Despite disparities in outright power, Perewitz won her heat race handily on the 1920 Indian, punching a ticket to the finals. Racing’s fickle hand of fate wasn’t quite done with her yet though.
“So I went to start the race. They pushed to start me, I got it around turn 1 and I heard a big pop and something hit my leg. I looked down and it’s the cap that goes over the valves to adjust them. It had blown off!
“I’m like, what the heck, because I had won my heat race with that Indian and knew I was going to be a contender. Then when that happened with the valve cap blowing off, it was like the cap hit me in the chest! I was so bummed. I was literally almost in tears, I was so mad. We just couldn’t catch a break that day.”
Perewitz safely steered the powerless bike to the side of the track. “As I sat there on the side, the pace bike caught up to me and they all went by. And out of nowhere, my boyfriend Guy Lafleur came running with the cap in his hand. As he’s yelling for me to move my leg, he’s tossing the cap from hand to hand because it was so hot.
“Meanwhile, one of the other guys on our team (Jeremy Ohr, a.k.a.

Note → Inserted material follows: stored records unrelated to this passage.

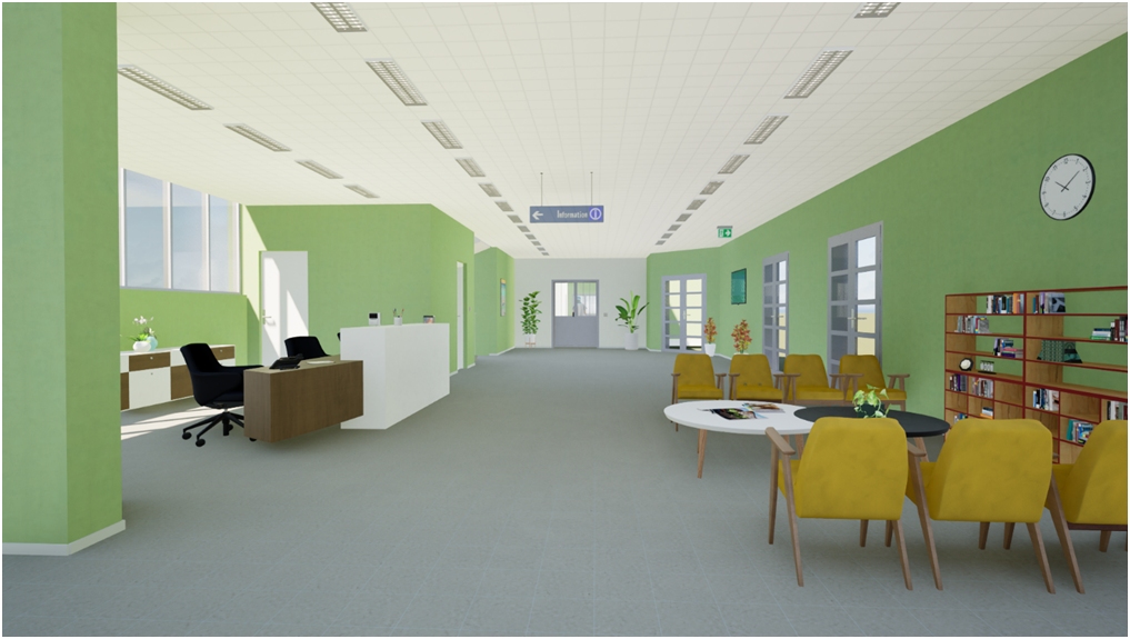 Il primo piano ospiterà inoltre le aree direzionali, gli spazi per la formazione del personale e le attività di ricerca scientifica, elementi fondamentali per una struttura con forte vocazione universitaria.
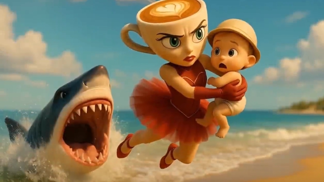 Балерина Капучино спасает младенца от акулы.
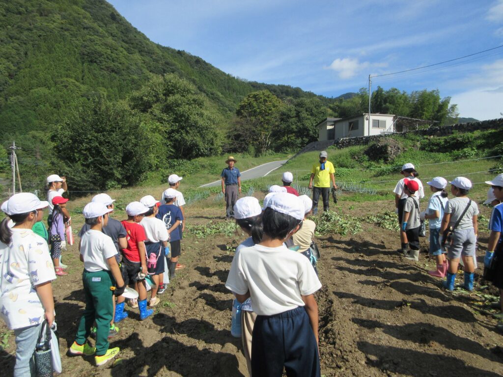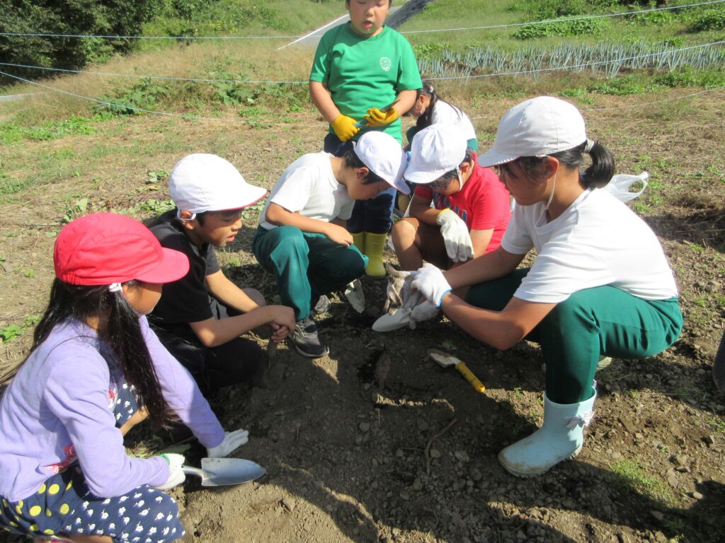 地域の方の畑を借りて育てていたさつまいもを本日収穫しました。まずは、畑を所有している方からご挨拶をいただき、収穫がスタートしました。今年のさつまいもは、丸くて大きいものが多かったです。熟成させて11月の焼き芋集会に臨みます。
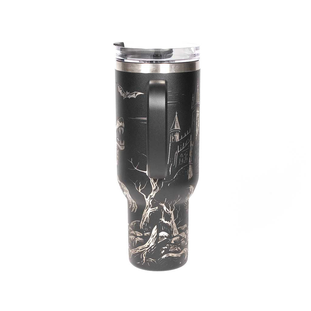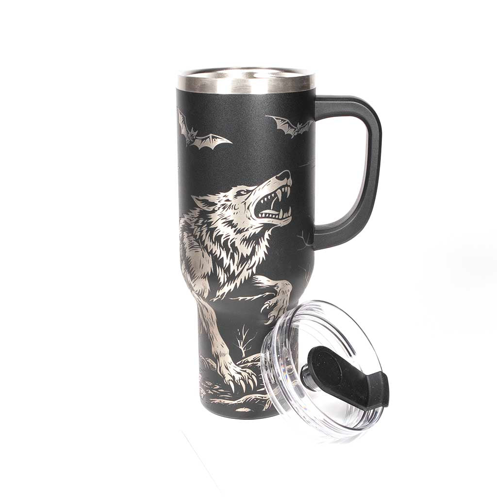This is a black 40 ounce powder coated tumbler with laser engraving of a Werewolf outside of a gothic cathedral, complete with bats flying around, all near a grisly old tree.
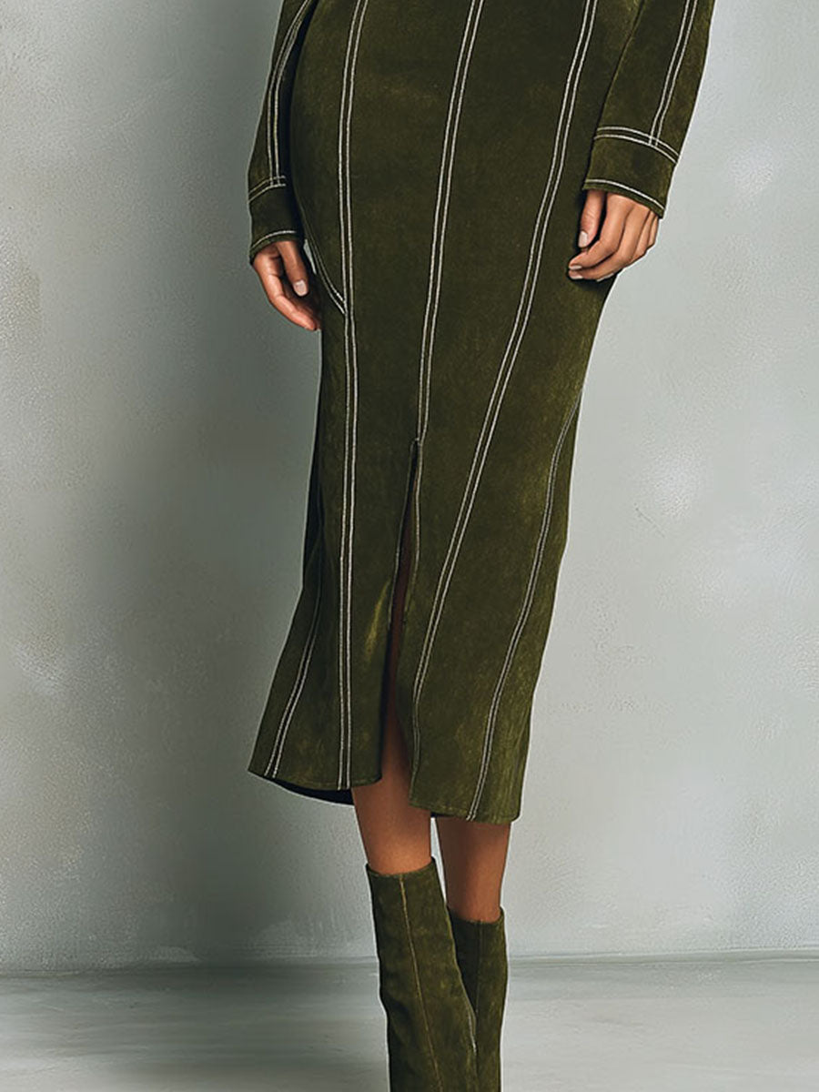 High Neck Zip-Up Olive Green Midi Dress With Contrast Stitching

JJ) came running with these big pliers so he could tighten it. And this all happened within a matter of minutes. They got it on and shouted, ‘We’re going to push you!’ It started right up. I caught up to the pack as they were waving the green flag. If it was like 30 seconds later, I wouldn’t have been able to,” she said.
Catch up she did. Perewitz systematically picked off four other riders, but the leader, two-time Sons of Speed winner Ken Curtis, was setting a torrid pace. “I was getting right up to him on the corners but on the straightaways he was pulling away from me. He obviously had more than me.”

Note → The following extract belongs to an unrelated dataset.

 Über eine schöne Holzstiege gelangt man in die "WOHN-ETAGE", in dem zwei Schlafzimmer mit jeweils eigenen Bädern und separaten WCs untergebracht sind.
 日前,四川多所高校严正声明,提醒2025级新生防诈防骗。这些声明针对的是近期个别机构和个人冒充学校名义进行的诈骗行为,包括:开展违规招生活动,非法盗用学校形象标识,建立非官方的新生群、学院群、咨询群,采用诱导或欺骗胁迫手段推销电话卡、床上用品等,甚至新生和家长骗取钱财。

Heading into the last lap, Jody said “I knew I was going to have one chance to pass him. I had to give it my all and go into that corner and almost slingshot myself out. And I did! It was so close. There was a picture somebody took from the stands of the finish line and I was like a tire’s width ahead of him, inches at the most. He led the whole race. He’s definitely a good racer, that’s for sure. We both came around and neither one of us knew who won.”
It was a bona fide photo finish and the closest race in Sons of Speed history.
“Such mixed emotions. Mad at first and disappointed, then happy and ecstatic 10 minutes later,” she added.
When the roller coaster of emotions ended, the thrill of victory remained as she sealed the first win for Indian at Sons of Speed and etched her name into another record book.